Шрифт:
Интервал:
Закладка:
И всё же, решение принято. Больше нет поэта Бездомного – есть ученик мастера. Прощание обладателя чёрной шапочки с Иваном в конце 30-й главы романа является прощанием с учеником, который хорошо усвоил уроки (хотя и по-ученически наивен, на что указывает характерная форма его имени): «Меня другое теперь интересует, – Иванушка улыбнулся и безумными глазами поглядел куда-то мимо мастера, – я другое хочу написать». Пройдут годы, и ученик Иванушка превратится в профессора Ивана Николаевича Понырева, пишущего серьёзные научные работы, но при этом он останется тайным учеником мастера (теперь уже, вероятно, подмастерьем), о чём даже сам не будет помнить, за исключением одной ночи в году, ночи весеннего полнолуния, когда мастер и его спутница являются Ивану во сне.

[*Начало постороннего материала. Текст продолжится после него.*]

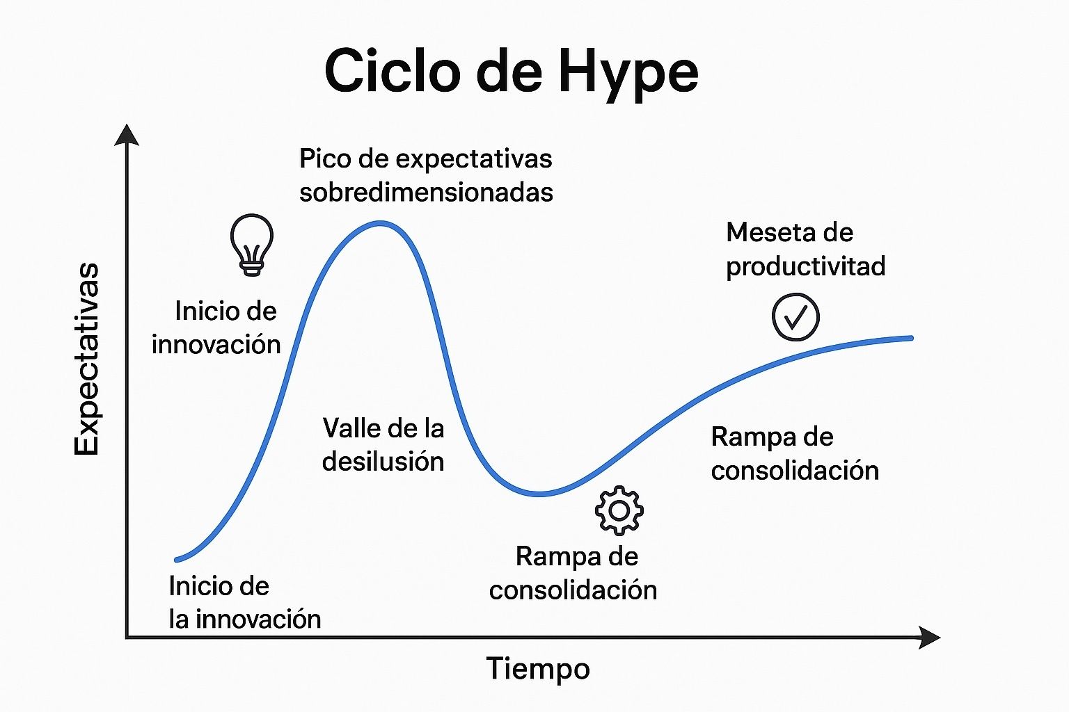 Un ciclo de hype, popularizado por Gartner, describe el recorrido típico de las nuevas tecnologías a través de expectativas infladas, desilusión inevitable y adopción práctica eventual.

Иными словами, перед нами в романе происходит вполне очевидная метаморфоза: поэт переживает ритуальную смерть, отрекаясь от своих стихов и, соответственно, от их автора Ивана Бездомного. Взамен рождается Иванушка, ученик неизвестного мастера, императив которого в момент «инициации» подтверждается лишь одной чёрной шапочкой, знаком его статуса. Явный гротеск, присутствующий в этой метаморфозе и сопровождающих её обстоятельствах, говорит об одном: Булгаков рисует нам инициацию-наоборот, когда молодой творец, неопытный, доверчивый и напичканный советской идеологией, но обладающий талантом (то есть потенциальный мастер в изначальном греческом смысле этого слова), становится Иванушкой, последователем умельца, чей отличительный знак был сшит руками одной темноволосой феи, и кто именует себя мастером в довольно специфическом контексте булгаковского романа.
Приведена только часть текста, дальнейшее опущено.